In the dishwasher of the present invention, the control unit indicates on the indicator unit that the feed-water temperature sensor unit is measuring the temperature of feed water. This informs a user that the dishwasher is checking for a possibility of energy-saving operation, which encourages energy-saving operation of the dishwasher.

INDUSTRIAL APPLICABILITY

As described above, a dishwasher according to the present invention automatically changes its operation program to the energy-saving mode when the feed water temperature is relatively high, and thus widely applicable to easy-to-use dishwashers.

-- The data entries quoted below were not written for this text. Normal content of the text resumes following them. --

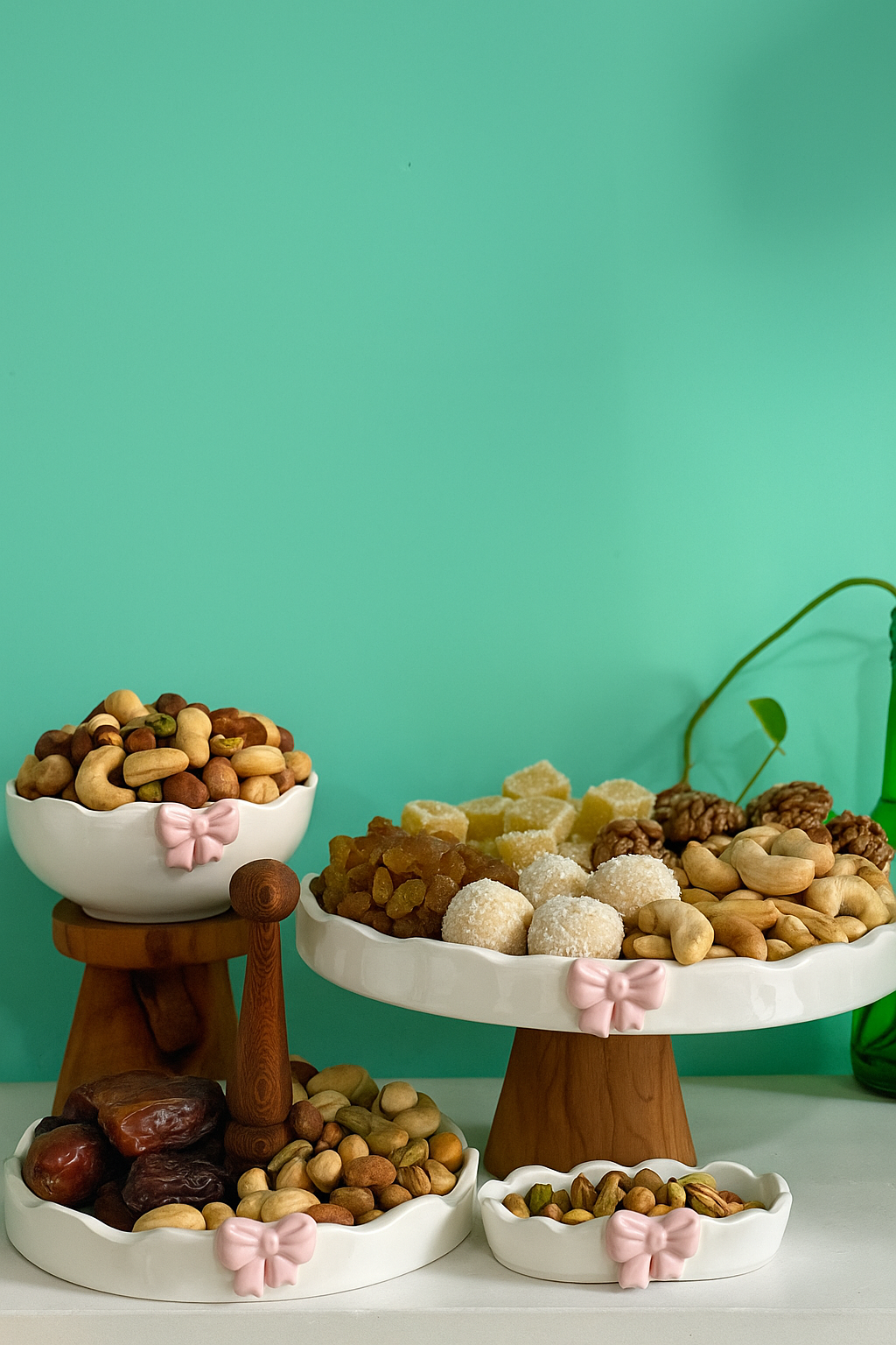 کاسه آجیل پایه چوبی پاپیون صورتی جنس سرامیک دستساز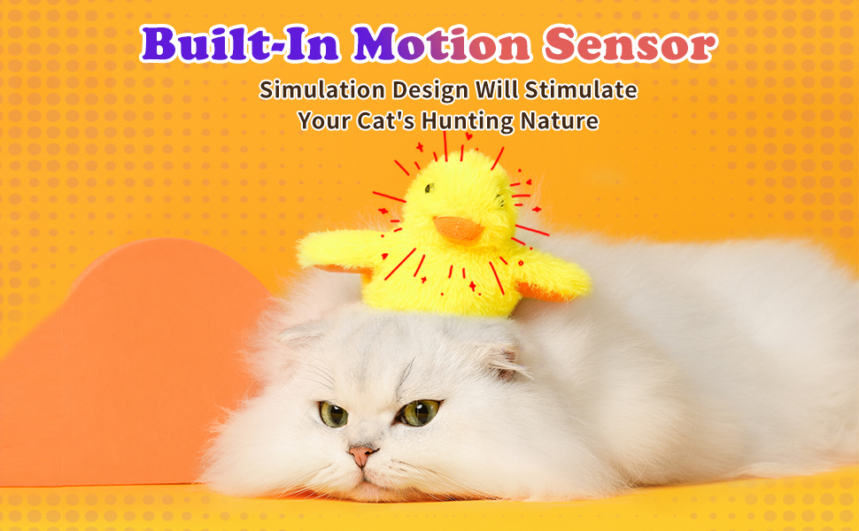 【Interactive Fun Toys for Cats】Our cat hunt toy lifelike quack chirping, Whenever your kitten touches or slaps the back of the duckling, the built-in automatic motion sensor will be activated, and the duckling will vibrate its wings and quack, thus attracting your cat to interact and play with it.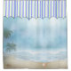 Cortina de ducha de tela tropical con dibujos de una bonita playa de arena con palmeras y agua azul. Una valla de rayas azules, verdes y blancas, en la parte superior, da la impresión de una cabaña con estilo de tienda.

REFERENCE MARKS IN THE DRAWINGS

1: Main body
2: Washing tub
6: Washing nozzle
7: Tableware
8: Heater (heater unit)
9: Thermistor (feed-water temperature sensor unit also serving as washing-water temperature sensor unit)
10: Control unit
11: Dish basket
24: Indicator unit

Claims

A dishwasher comprising:
a washing tub disposed inside a main body;

a dish basket for accommodating tableware to be washed;

a washing nozzle for spraying washing water to wash the tableware;

a heater unit for heating the washing water;

a washing-water temperature sensor unit for measuring temperature of the washing water; and

a control unit for controlling operation,
the dishwasher spraying the heated washing water to wash the tableware, and further comprising a feed-water temperature sensor unit for measuring feed water temperature of the washing water fed into the washing tub,
wherein, when the feed water temperature is higher than a given temperature, the control unit changes the setting so that a target temperature at which heating of the washing water during washing is stopped becomes lower than a temperature in a case where the feed water temperature is lower than the given temperature.
The dishwasher of claim 1, wherein the feed-water temperature sensor unit also serves as the washing-water temperature sensor unit.
The dishwasher of claim 1 or 2, further comprising an indicator unit, wherein the control unit makes the indicator unit indicate that the control unit has set the target temperature lower than the temperature of the case in which the feed water temperature is lower than the given temperature due to a fact that the feed water temperature measured is higher than the given temperature.
The dishwasher of claim 3, wherein the control unit makes the indicator unit indicate that the feed-water temperature sensor unit is measuring feed water temperature.